Asia was the beneficiary of the shift in investment focus, seeing a 98% increase in the amount invested: close to $5 billion, all told. Funding in Europe also saw an increase, from $1.5 billion to $2.3 billion, quarter-to-quarter.
Across the board, early-stage funding was in decline, making up just 46% of all deals in the quarter, continuing a downward trend that began in Q3 2019.
THE LARGER TREND
The potential for telehealth to address the COVID-19 novel coronavirus is drawing the interest of venture capitalists, who are already pouring money into the space and may increase their activity as the model grows in viability and popularity.

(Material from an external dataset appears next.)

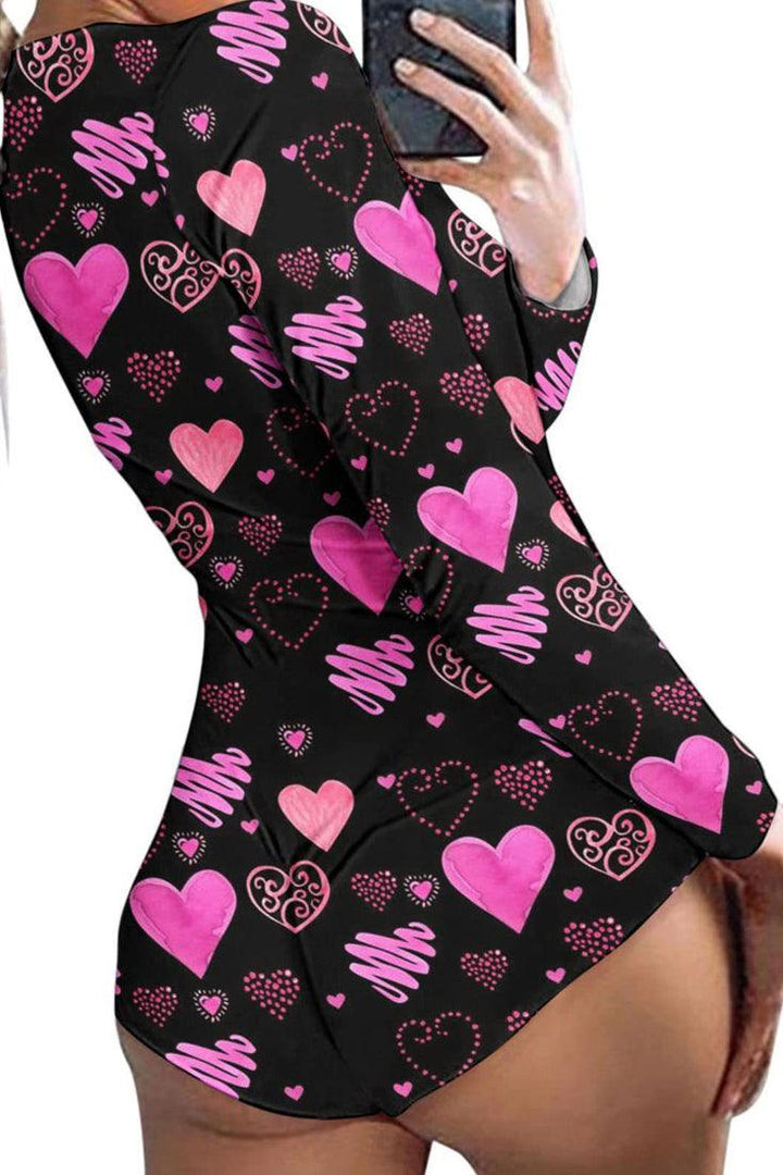 Black Pink Heart Printed Long Sleeve Sexy Fitted Casual Romper PJ

Steven Shill, national leader at the BDO Center for Healthcare Excellence and Innovation, sees this confluence of factors as a "perfect storm" that could lead to a dramatically increased ability to screen and test people for the virus, protecting not only the public but the healthcare professionals who are treating patients.
Private equity and venture capital have spent a lot of money in the space, because they're believers in disruption and changing old paradigms, said Shill. Significant investments have been made as of late.
K Health, makers of an artificial intelligence-powered medical app, recently raised about $28 million to replace initial doctors' visits for certain conditions, for example. And Aurora Health recently dedicated roughly $126 million to prevent illnesses and lower costs.